I was able to run it in cmdstanr

Simulation:

black<-rweibull(1000,1.1,65)
other<-rweibull(1000,1.1,55)
d<-data.frame(days_to_event=c(black,other),color_id=c(rep(1,1000),rep(2,1000)))
d<- d %>%  mutate(adopted = if_else(days_to_event >= 200, 0, 1))

Stan model:

data{
    int N;
    int adopted[N];
    vector[N] days_to_event;
    int color_id[N];

}
parameters{
    vector<lower=0>[2] a;
    real<lower=0> k;
    real<lower=0> beta;
}
transformed parameters{
vector[N] lambda = exp( (a[color_id] * beta) * k);
}

model{
   a~exponential(0.4);
   beta~exponential(0.4);
   k~exponential(1);
   for ( i in 1:N ) {
        if (adopted[i] == 0 ) target += weibull_lccdf( days_to_event[i] | k, lambda[i] );
        else days_to_event[i] ~ weibull( k, lambda[i] );
     }
}
generated quantities{
  real pred[N];
   for ( i in 1:N ) 
   if ( adopted[i] == 1 ) pred[i] = weibull_rng( k,lambda[i] );
   for ( i in 1:N ) 
   if ( adopted[i] == 0 ) pred[i] = weibull_lccdf(days_to_event[i] | k,lambda[i]);
}

With vector<lower=0>[2] a; I get the same crash. Does it run on R/RStudio…? Maybe the model is so poorly specified that it crashes R but not cmdstanr?
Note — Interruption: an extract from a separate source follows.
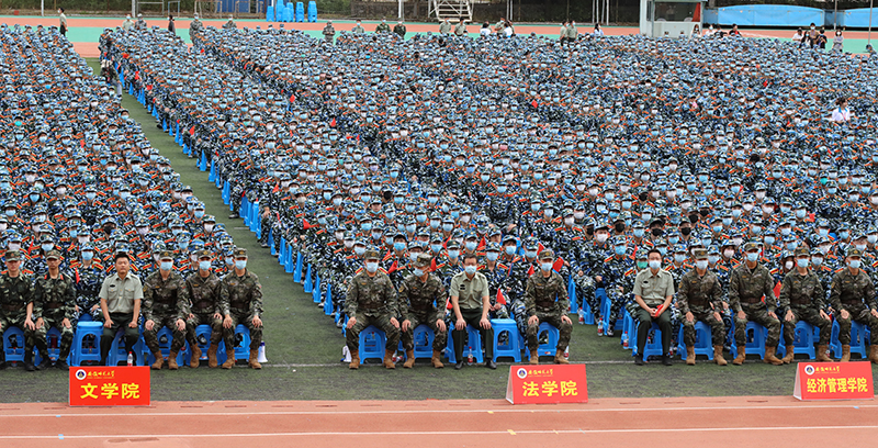 据悉,我校今年共有8050名本科新生参加军训,成立校军训工作领导组,设立军训旅序列编制,下辖4个团,19个营,70个连,对军训工作做了精心准备和周密安排。军训工作已于9月16日正式启动,计划在9月30日结束,历时14天,包括条令学习、队列训练、内务整理、特战训练、校歌军歌学唱、急救知识教学等内容。

Weird. I’m in rstudio and this runs

library(cmdstanr)
library(data.table)
mod <- cmdstan_model("weibull_crash.stan")

black <- rweibull(1000, 1.1, 65)
other <- rweibull(1000, 1.1, 55)

d <-data.table(days_to_event=c(black,other),color_id=c(rep(1,1000),rep(2,1000)))
d[, adopted := ifelse(days_to_event >= 200, 0, 1)]

dat <- list(
  N=nrow(d),
  days_to_event = d$days_to_event,
  color_id = d$color_id ,
  adopted = d$adopted
)
out <- mod$sample(data = dat,
                  parallel_chains = 4)
1 Like

RStan crashes are commonly caused by a couple of things:

  • Having -march=native in your Makevars.win
  • Recently upgrading from R3.x to R4.x and having the old .rds model files get loaded
  • Not having enough RAM to store all parameter estimates for the model

If none of those are your issue, then restart R (making sure rstan doesn’t get loaded) and try reinstalling rstan and StanHeaders from source via:

# Compile packages using all cores
Sys.setenv(MAKEFLAGS = paste0("-j",parallel::detectCores()))

install.packages(c("StanHeaders","rstan"),type="source")
3 Likes

Thanks @spinkney @andrjohns , reinstalling rstan solved the problem.

3 Likes

I observed the same problem agains shortly after. Removing the .rds file solved it.